▶ To do:
Word for word, set down the records and skip each picture.

========================================

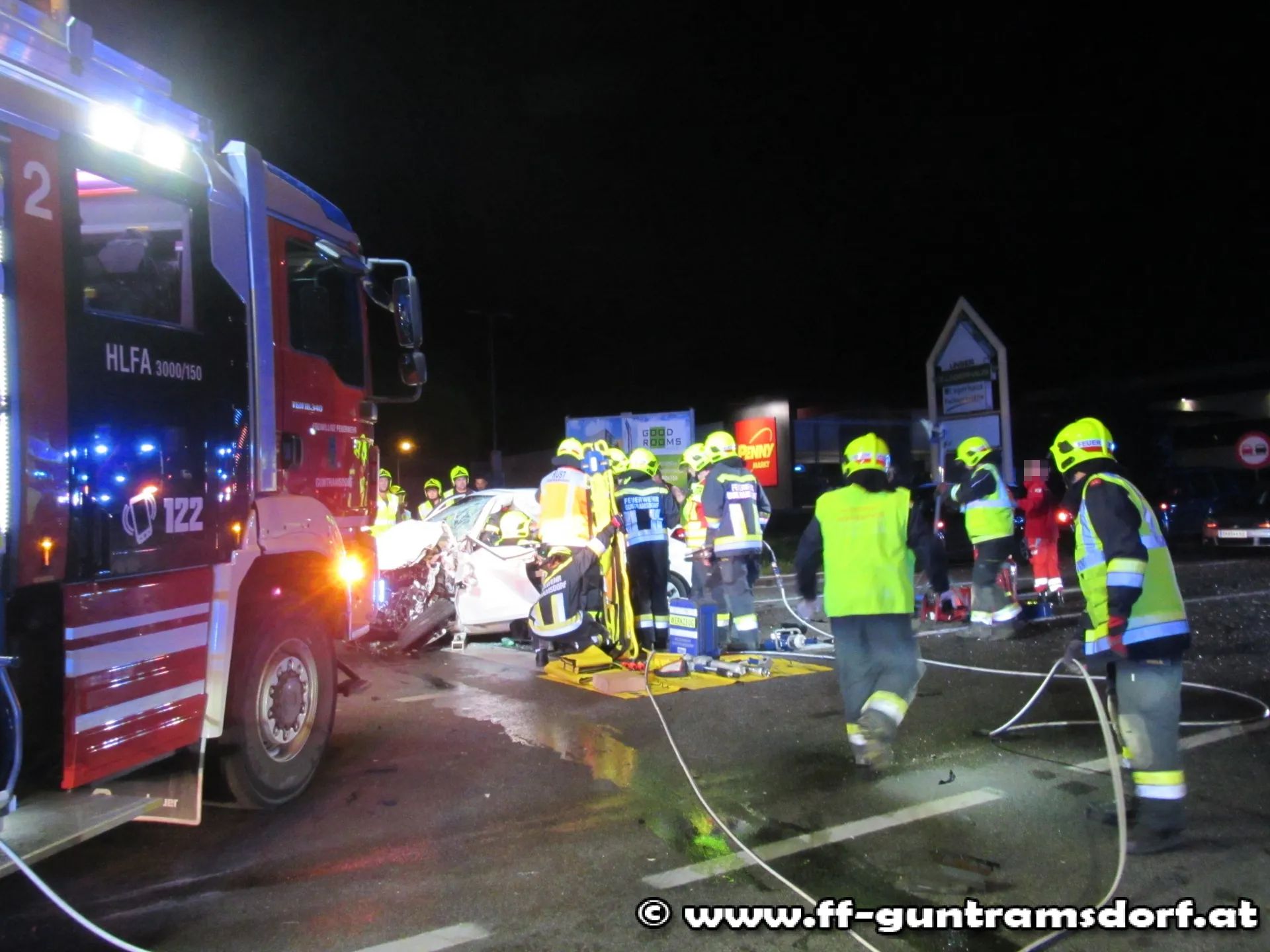 Am Abend des 26. September wurde die Feuerwehr Guntramsdorf mittels Sirene, Pager und Alarm-SMS zu einem schweren Verkehrsunfall mit Menschenrettung auf die Bundesstraße 17 alarmiert.
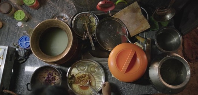 சமயலறைகளை, வீட்டின் அனேகப் பொறுப்புகளைத் தன் தலைமேல் சுமப்பதில் பல தசாப்பதங்களைக் கடந்து கொண்டிருக்கிறாள் பெண். இதை ஒரு மிக நுட்பமாக ஒரு காட்சியினூடு சொல்லிவிடும் திறமை இப்படத்தின் இயக்குனரிடம் இருக்கிறது.
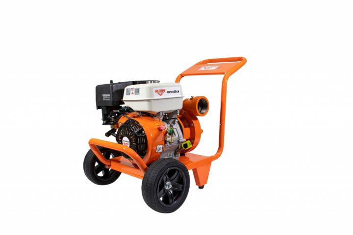 Motopompa este dotată cu roți și un mâner ergonomic pentru a facilita transportul la locul dorit, asigurând astfel o manipulare ușoară a utilajului.
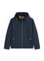 Afslappaður stíll mætir hagnýtri hönnun: blússujakki í regular sniði úr vatnsfráhrindandi tæknilegu poly-cotton efni, þar sem endurunnið pólýester og lífræn bómull fara saman fyrir bæði þægindi og sjálfbærni. Hettan er með teygjustreng til stillingar, innra byrði standkragans er með prjónakanti, og jakkinn er með sportlegum rennilás. Ermarnar eru með smellum og innra byrði í andstæðum lit gefur fallegt heildarútlit. Jakkinn er með hliðarvösum með smellum og stillanlegum faldi með teygju, sem gerir hann fullkominn fyrir breytilegt veður og léttan daglegan klæðnað.
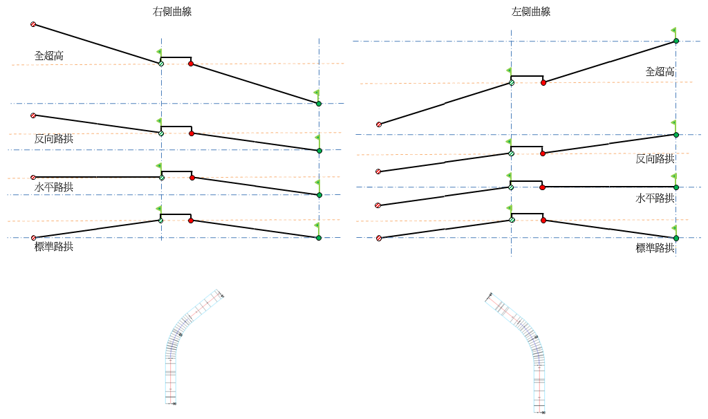 「保持中央造型」意味著當套用超高時,中央將會升高以容納超高。此選項會保持中央造型,而 樞軸點會升高或降低。
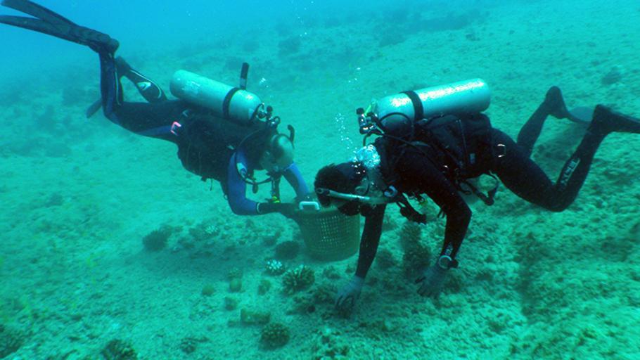 | Keywords: coral coral reef coralreef underwater diver scientist ocean coral restoration coralrestoration office of response and restoration officeofresponseandrestoration noaa nos national ocean service nationaloceanservice hawaii hawaii coral hawaiicoral m/v vogetrader mvvogetrader water swim sport Two divers unload a basket full of loose corals into a safe holding area so that they can be returned after the rubble from the grounding site is removed, minimizing further impacts. Background: Emergency coral restoration is underway just outside the entrance to Hawaii’s Kalaeloa Harbor. NOAA and partners are working with the owners of the cargo vessel M/V VogeTrader to repair corals that were injured when the vessel accidentally lodged itself onto the reef one morning in 2010. (Original source and more information: NOAA Office of Response and Restoration Website) Two divers unload a basket full of loose corals into a safe holding area so that they can be returned after the rubble from the grounding site is removed, minimizing further impacts. Background: Emergency coral restoration is underway just outside the entrance to Hawaii’s Kalaeloa Harbor. NOAA and partners are working with the owners of the cargo vessel M/V VogeTrader to repair corals that were injured when the vessel accidentally lodged itself onto the reef one morning in 2010. (Original source and more information: NOAA Office of Response and Restoration Website) |
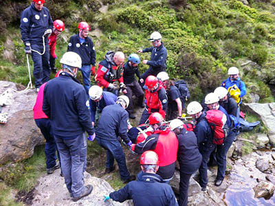 Edale and Buxton Mountain Rescue Teams were alerted late on Sunday afternoon when the woman, from Cornwall, slipped while descending Crowden Brook after a walk on Kinder Scout.
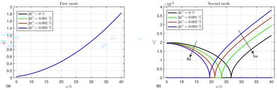 Figure 10 depicts the effect of the moisture change  on the first and second modes of the frequency. The moisture loses its influence in the first mode, but it is more pronounced in the second mode. It is noted from this figure that the real part decreases with increasing humidity and becomes zero at the critical points that occur at , 23.3, 21.1, and 19.4 for , , , and , respectively. On the other hand, after the critical points, the imaginary part increases as the moisture increases.
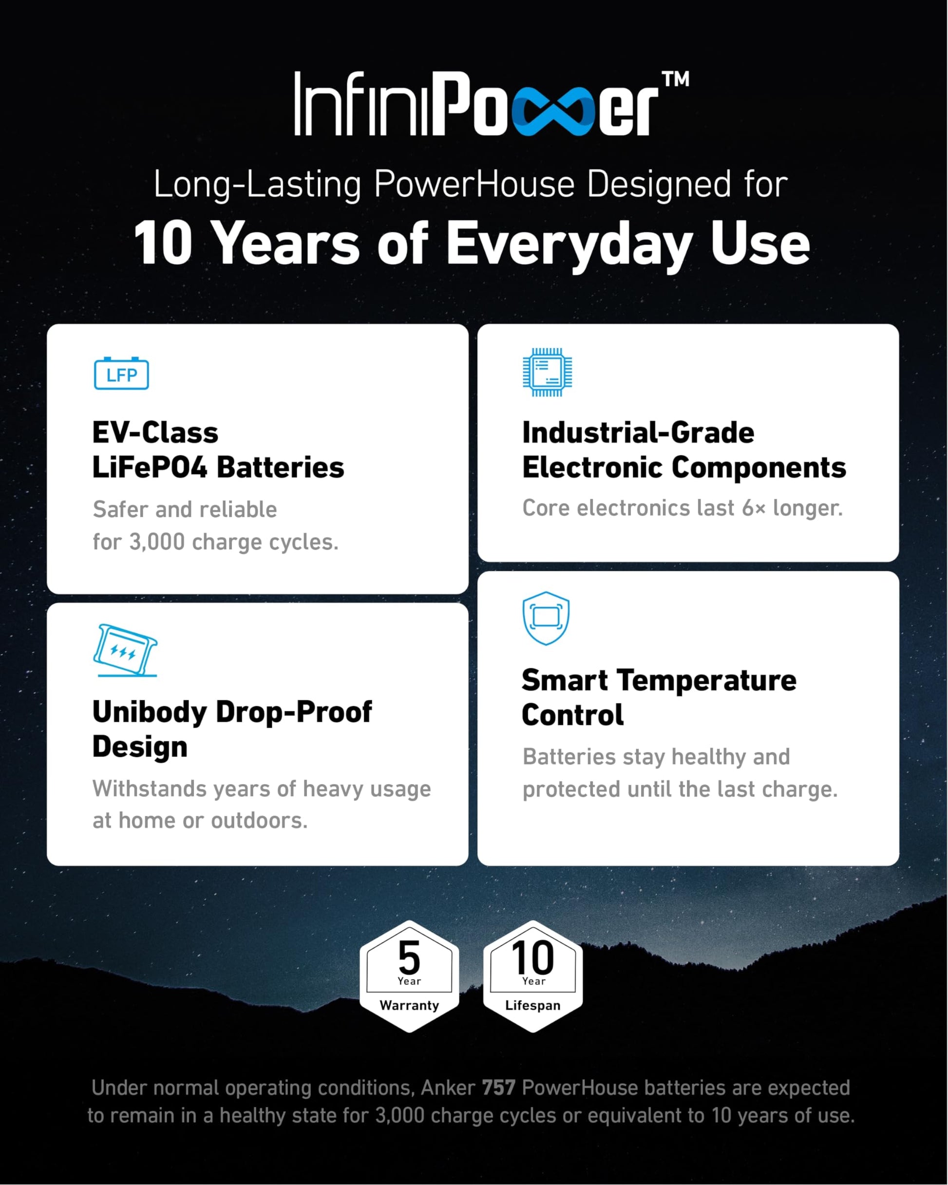 - Long-Lasting Portable Power Station With a 10-Year Lifespan: With our proprietary long-lasting technology InfiniPower, combined with LiFePO4 batteries, ultra-durable electronic components, a smart temperature control system that monitors temperature up to 100 times per second, and impact-resistant structural design, Anker 757 PowerHouse is built to last over a decade, even with everyday use.
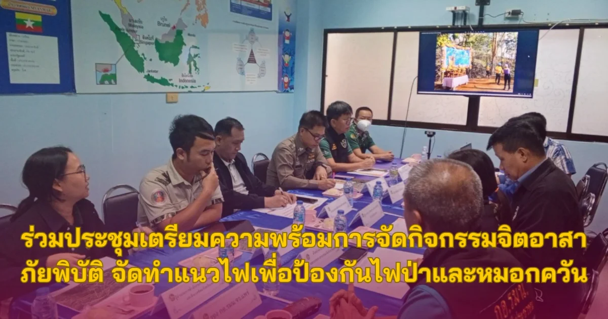 ร่วมประชุมเตรียมความพร้อมการจัดกิจกรรมจิตอาสาภัยพิบัติ จัดทำแนวไฟเพื่อป้องกันไฟป่าและหมอกควัน
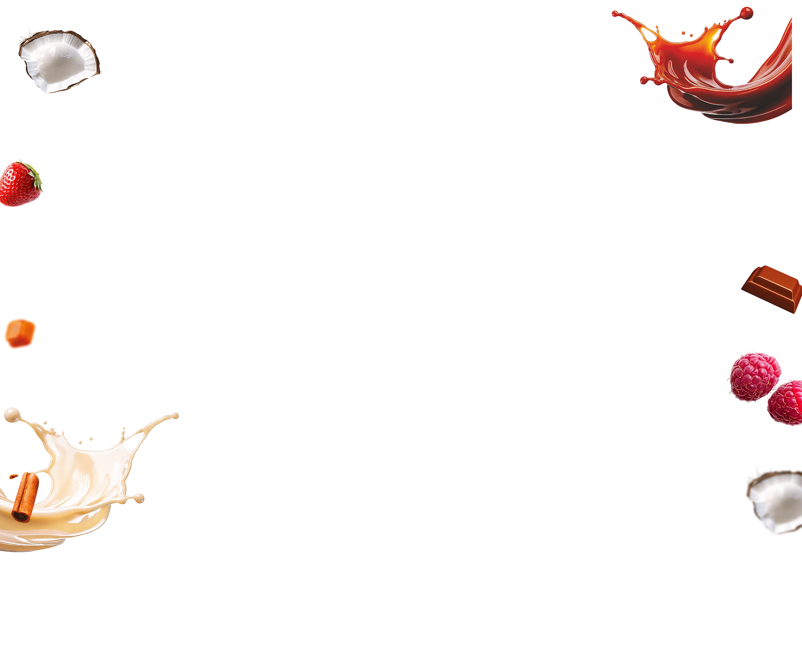 Floating Just Whey packages in various flavours with a chocolate splash and fruit accents.
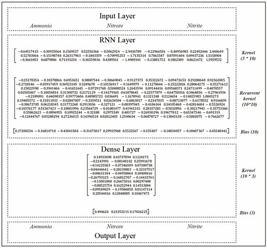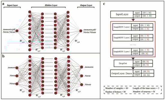 Figure 2a,b present the one-to-one and three-to-three RNN architectures. Figure 2c presents the design scheme of the RNN model. In the one-to-one model, one of the inputs, for example pH at t = 1 and 2 h, was used to predict the subsequent output at the following time interval, which was pH at t = 3 h. Meanwhile, three inputs (ammonia, nitrate, and nitrite) at a specific time were used to estimate the subsequent outputs in the three-to-three model. This means that ammonia, nitrate, and nitrite at t = 1 h and 2 h served as the inputs for ammonia, nitrate, and nitrite at t = 3 h.

========================================

▶ Response area:
 Am Abend des 26. September wurde die Feuerwehr Guntramsdorf mittels Sirene, Pager und Alarm-SMS zu einem schweren Verkehrsunfall mit Menschenrettung auf die Bundesstraße 17 alarmiert.
 சமயலறைகளை, வீட்டின் அனேகப் பொறுப்புகளைத் தன் தலைமேல் சுமப்பதில் பல தசாப்பதங்களைக் கடந்து கொண்டிருக்கிறாள் பெண். இதை ஒரு மிக நுட்பமாக ஒரு காட்சியினூடு சொல்லிவிடும் திறமை இப்படத்தின் இயக்குனரிடம் இருக்கிறது.
 Motopompa este dotată cu roți și un mâner ergonomic pentru a facilita transportul la locul dorit, asigurând astfel o manipulare ușoară a utilajului.
 Afslappaður stíll mætir hagnýtri hönnun: blússujakki í regular sniði úr vatnsfráhrindandi tæknilegu poly-cotton efni, þar sem endurunnið pólýester og lífræn bómull fara saman fyrir bæði þægindi og sjálfbærni. Hettan er með teygjustreng til stillingar, innra byrði standkragans er með prjónakanti, og jakkinn er með sportlegum rennilás. Ermarnar eru með smellum og innra byrði í andstæðum lit gefur fallegt heildarútlit. Jakkinn er með hliðarvösum með smellum og stillanlegum faldi með teygju, sem gerir hann fullkominn fyrir breytilegt veður og léttan daglegan klæðnað.
 「保持中央造型」意味著當套用超高時,中央將會升高以容納超高。此選項會保持中央造型,而 樞軸點會升高或降低。
 | Keywords: coral coral reef coralreef underwater diver scientist ocean coral restoration coralrestoration office of response and restoration officeofresponseandrestoration noaa nos national ocean service nationaloceanservice hawaii hawaii coral hawaiicoral m/v vogetrader mvvogetrader water swim sport Two divers unload a basket full of loose corals into a safe holding area so that they can be returned after the rubble from the grounding site is removed, minimizing further impacts. Background: Emergency coral restoration is underway just outside the entrance to Hawaii’s Kalaeloa Harbor. NOAA and partners are working with the owners of the cargo vessel M/V VogeTrader to repair corals that were injured when the vessel accidentally lodged itself onto the reef one morning in 2010. (Original source and more information: NOAA Office of Response and Restoration Website) Two divers unload a basket full of loose corals into a safe holding area so that they can be returned after the rubble from the grounding site is removed, minimizing further impacts. Background: Emergency coral restoration is underway just outside the entrance to Hawaii’s Kalaeloa Harbor. NOAA and partners are working with the owners of the cargo vessel M/V VogeTrader to repair corals that were injured when the vessel accidentally lodged itself onto the reef one morning in 2010. (Original source and more information: NOAA Office of Response and Restoration Website) |
 Edale and Buxton Mountain Rescue Teams were alerted late on Sunday afternoon when the woman, from Cornwall, slipped while descending Crowden Brook after a walk on Kinder Scout.
 Figure 10 depicts the effect of the moisture change  on the first and second modes of the frequency. The moisture loses its influence in the first mode, but it is more pronounced in the second mode. It is noted from this figure that the real part decreases with increasing humidity and becomes zero at the critical points that occur at , 23.3, 21.1, and 19.4 for , , , and , respectively. On the other hand, after the critical points, the imaginary part increases as the moisture increases.
 - Long-Lasting Portable Power Station With a 10-Year Lifespan: With our proprietary long-lasting technology InfiniPower, combined with LiFePO4 batteries, ultra-durable electronic components, a smart temperature control system that monitors temperature up to 100 times per second, and impact-resistant structural design, Anker 757 PowerHouse is built to last over a decade, even with everyday use.
 ร่วมประชุมเตรียมความพร้อมการจัดกิจกรรมจิตอาสาภัยพิบัติ จัดทำแนวไฟเพื่อป้องกันไฟป่าและหมอกควัน
 Floating Just Whey packages in various flavours with a chocolate splash and fruit accents.
 Figure 2a,b present the one-to-one and three-to-three RNN architectures. Figure 2c presents the design scheme of the RNN model. In the one-to-one model, one of the inputs, for example pH at t = 1 and 2 h, was used to predict the subsequent output at the following time interval, which was pH at t = 3 h. Meanwhile, three inputs (ammonia, nitrate, and nitrite) at a specific time were used to estimate the subsequent outputs in the three-to-three model. This means that ammonia, nitrate, and nitrite at t = 1 h and 2 h served as the inputs for ammonia, nitrate, and nitrite at t = 3 h.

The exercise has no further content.